Born into a family of provincial gentry in 1875, one of her earliest revolutionary acts was to unbind her feet, following an arranged marriage and relocation to Beijing. She took up with other bluestockings, got into dressing in men’s clothes, learned swordsmanship and educated herself. At the age of 29 she sold her jewelry, left her family and moved to Japan, where she studied at a ladies’ university, joined anti-Manchu secret societies and wrote. When she returned to China, she founded and ran a publication that spoke out against (among other things) female foot-binding and arranged marriages.

She also learned how to make bombs.

Unsurprisingly, the revolutionary rhetoric and activities—which she took no pains to hide—brought her to the attention of the government. In 1907, she was captured and beheaded. She was 31.

I’m giving you two of her more militant poems, because Qiu speaks for me eloquently and succinctly.

“Capping Rhymes with Sir Shih Ching from Sun’s Root Land”*

Don’t tell me women
are not the stuff of heroes,
I alone rode over the East Sea’s
winds for ten thousand leagues.
My poetic thoughts ever expand,
like a sail between ocean and heaven.
I dreamed of your three islands,
all gems, all dazzling with moonlight.
I grieve to think of the bronze camels,
guardians of China, lost in thorns.
Ashamed, I have done nothing;
not one victory to my name.
I simply make my war horse sweat.
Grieving over my native land
hurts my heart. so tell me;
how can I spend these days here?
A guest enjoying your spring winds?

*I do not know who Sir Shih Ching is, or where you’d find Sun’s Root Land, but “capping rhymes” sounds like a very gangsta thing to do.

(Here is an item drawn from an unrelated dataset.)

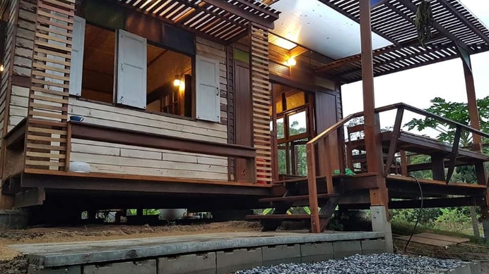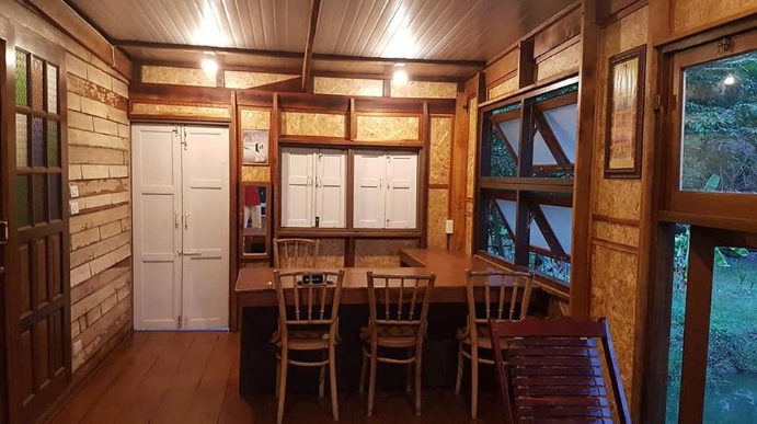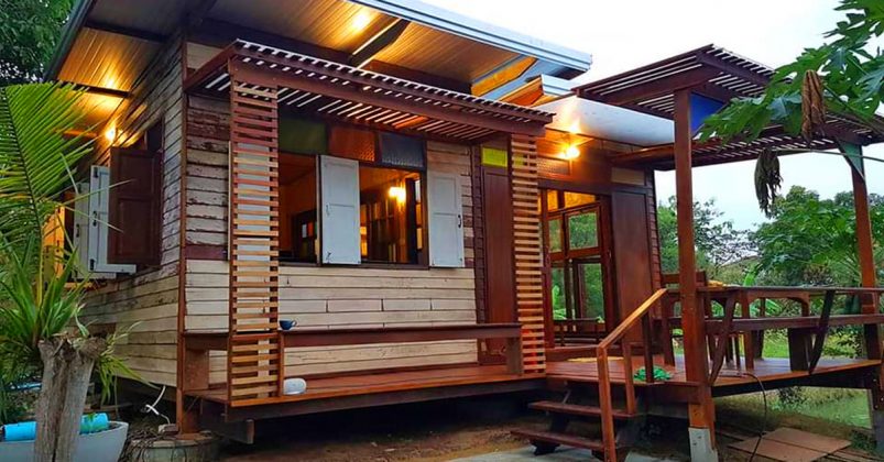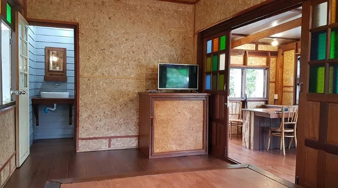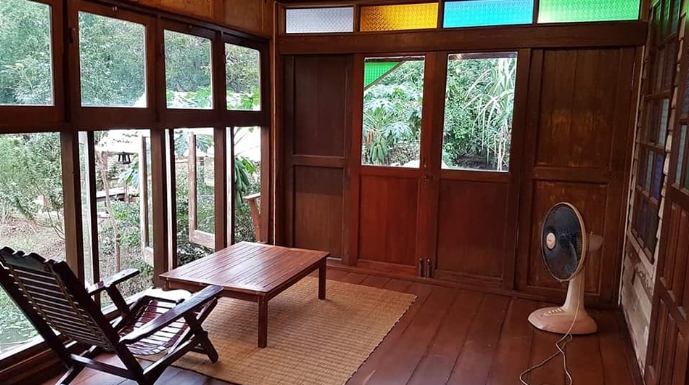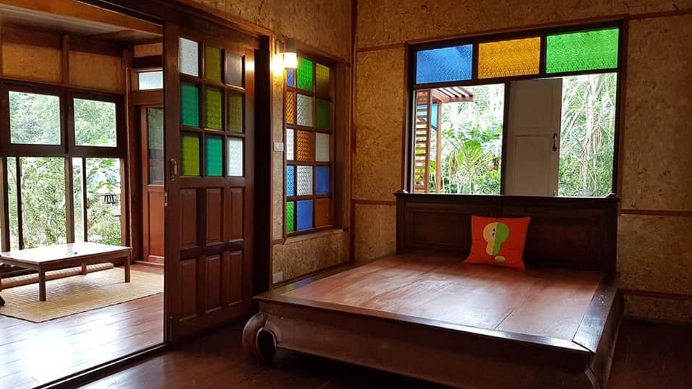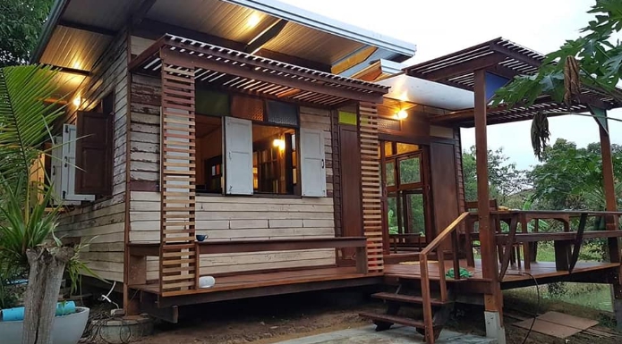 บ้านไม้สักหลังเล็ก ตกแต่งด้วยกระจกสี ดีไซน์เก๋ 1 ห้องนอน 1 ห้องน้ำ ในบรรยากาศสไตล์รีสอร์ท
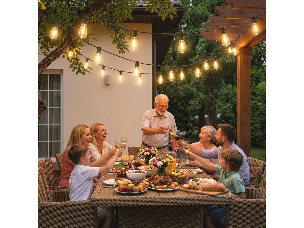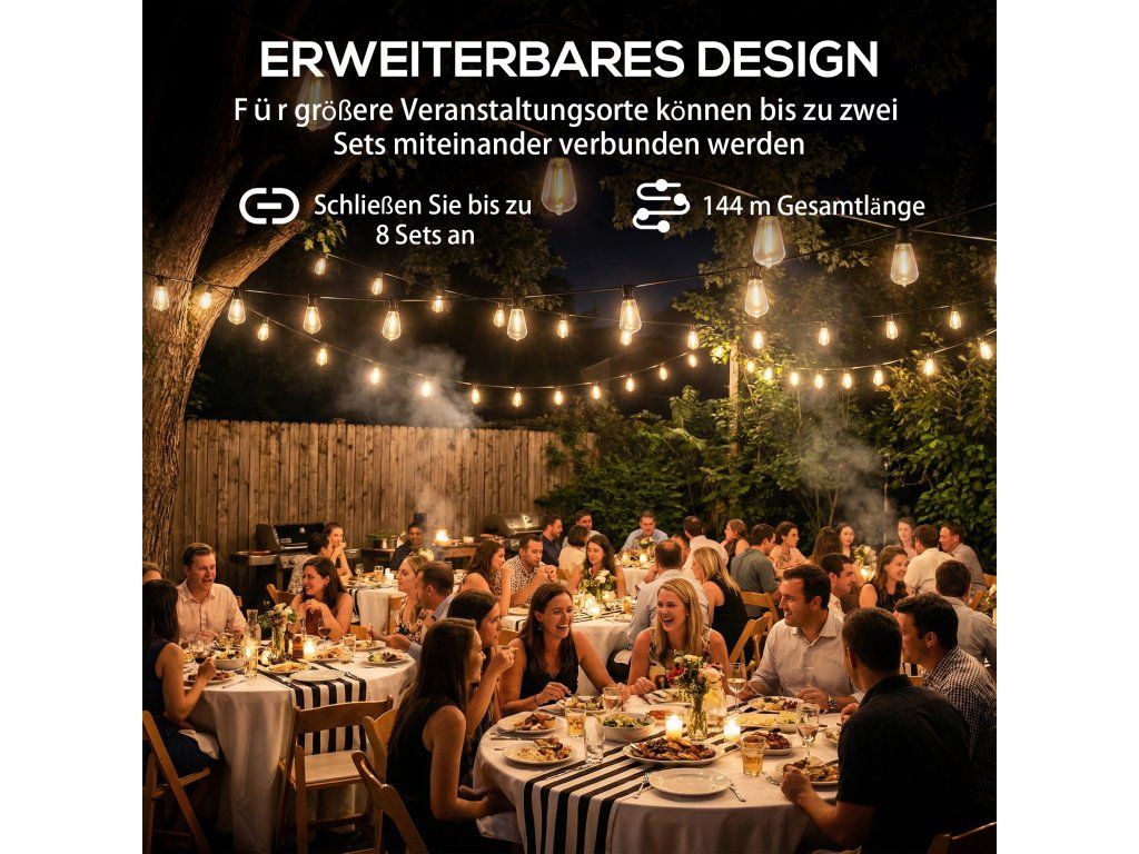 Nedostatečné LED osvětlení může zkazit večerní akce. LED řetězová světla s teplým, vintage světlem, dlouhá přes 18 metrů, vytvářejí magickou atmosféru. Pro komplexní pokrytí můžete propojit až osm sad. Díky jednoduché a flexibilní instalaci vytvoříte okouzlující atmosféru, která promění vaši vysněnou akci ve skutečnost.

In this next poem, Qiu reflects on her life as an exile—she feels liberated, but has paid a heavy price for it.

“Preoccupation (Written while in Japan)”

Sun and moon have no light left, earth is dark;
Our women’s world is sunk so deep, who can help us?
Jewelry sold to pay this trip across the seas
Cut off from my family I leave my native land.
Unbinding my feet I clean out a thousand years of poison,
With heated heart arouse all women’s spirits.
Alas, this delicate kerchief here
Is half stained with blood, and half with tears.